Purdue University Polytechnic Institute professors are identifying opportunities for early intervention to help parolees integrate back into society successfully

By Sarah Calams

WEST LAFAYETTE, Ind. — Researchers from Purdue University Polytechnic Institute are using artificial intelligence-enabled tools and technology to help reduce recidivism rates.

The project, which is being led by Marcus Rogers and Umit Karabiyik of Purdue Polytechnic's Department of Computer and Information Technology, is examining the "forensic psychology aspect by identifying risky behaviors, stressful situations and other behavioral and physiological factors connected to a risk of individuals returning to criminal behaviors," according to a press release.

The project will work with 250 parolees as they are released.
The project will work with 250 parolees as they are released. (Photo/Matthew Ansley via Unsplash)

"The major reason recidivism is so high is the parolees don't feel like they belong in the community," Karabiyik said. "They have a hard time, and they immediately go back to their old criminal habits. Their old criminal communities are very welcoming."

To collect information, bracelets worn by parolees will gather health information, including stress and heart rate, and a smartphone carried by each parolee will also determine where they are at any given time. These monitoring systems are still being developed, but will be ready for parolees to use during the third year of the research study.

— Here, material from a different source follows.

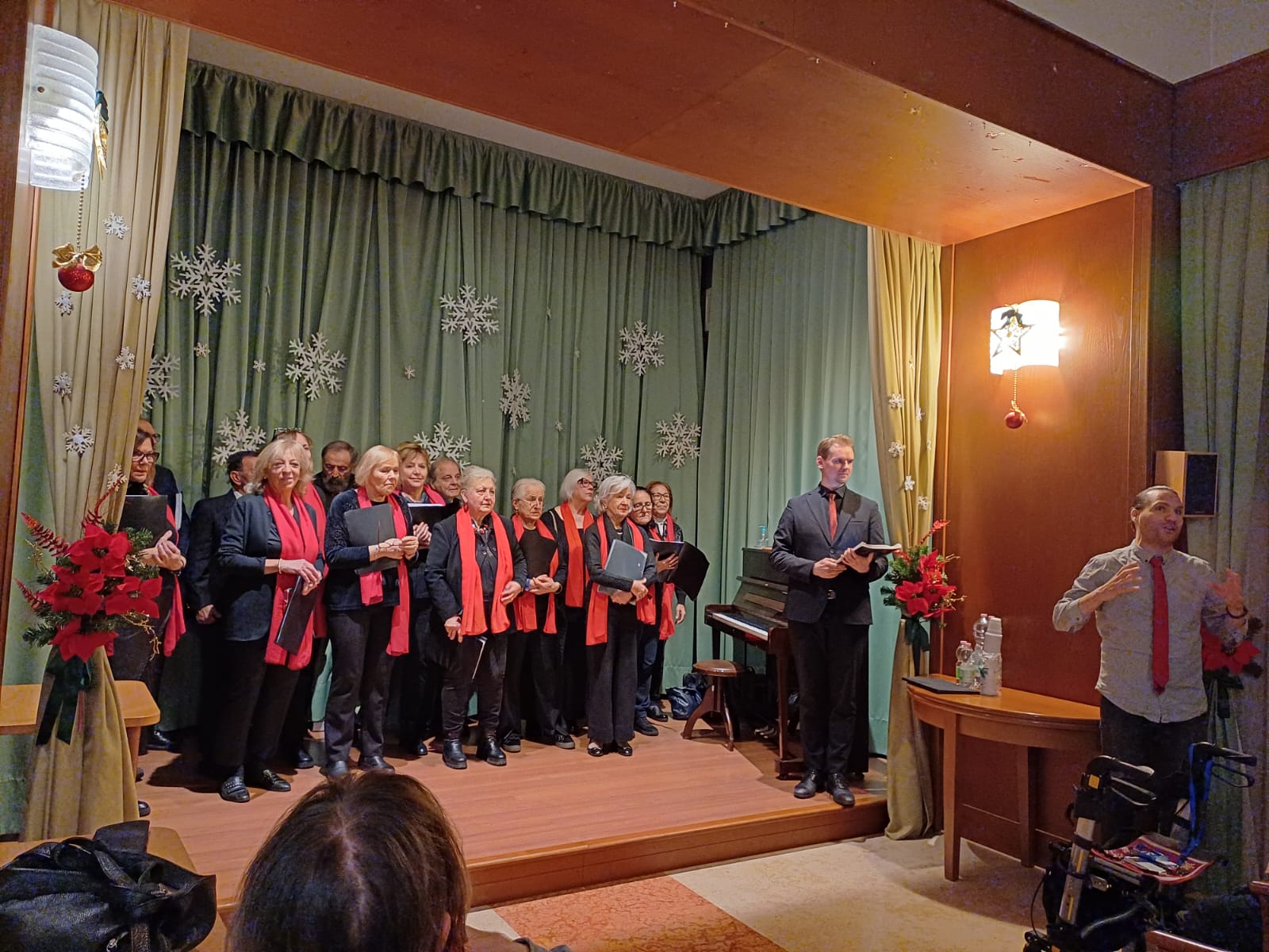 Al Pensionato Piaggi, il maestro Cervato ha dimostrato tutta la sua abilità non solo come direttore, ma anche come animatore culturale. Dopo aver eseguito un repertorio di brani natalizi e non solo, ha guidato gli ospiti in un momento di canto collettivo, spiegando con pazienza e allegria quando e come unirsi al coro. Il risultato è stato straordinario: voci diverse che si intrecciano, sorrisi, emozioni condivise.

"The goal of the study is to identify opportunities for early intervention to better assist those individuals to integrate back into general society successfully," Rogers said.

The project will work with 250 parolees as they are released. A total of 125 parolees will be in a treatment group with the devices, and another 125 will be a control group to compare the differences.

The four-year project is in collaboration with the Tippecanoe County Community Corrections, the Tippecanoe County/Purdue High Tech Crime Unit and the Tippecanoe County Sheriff's Department.

"In the end, we want to develop a system that will allow the caseworkers to more quickly identify those individuals that seem to be on a path that would lead to recidivism," Rogers said.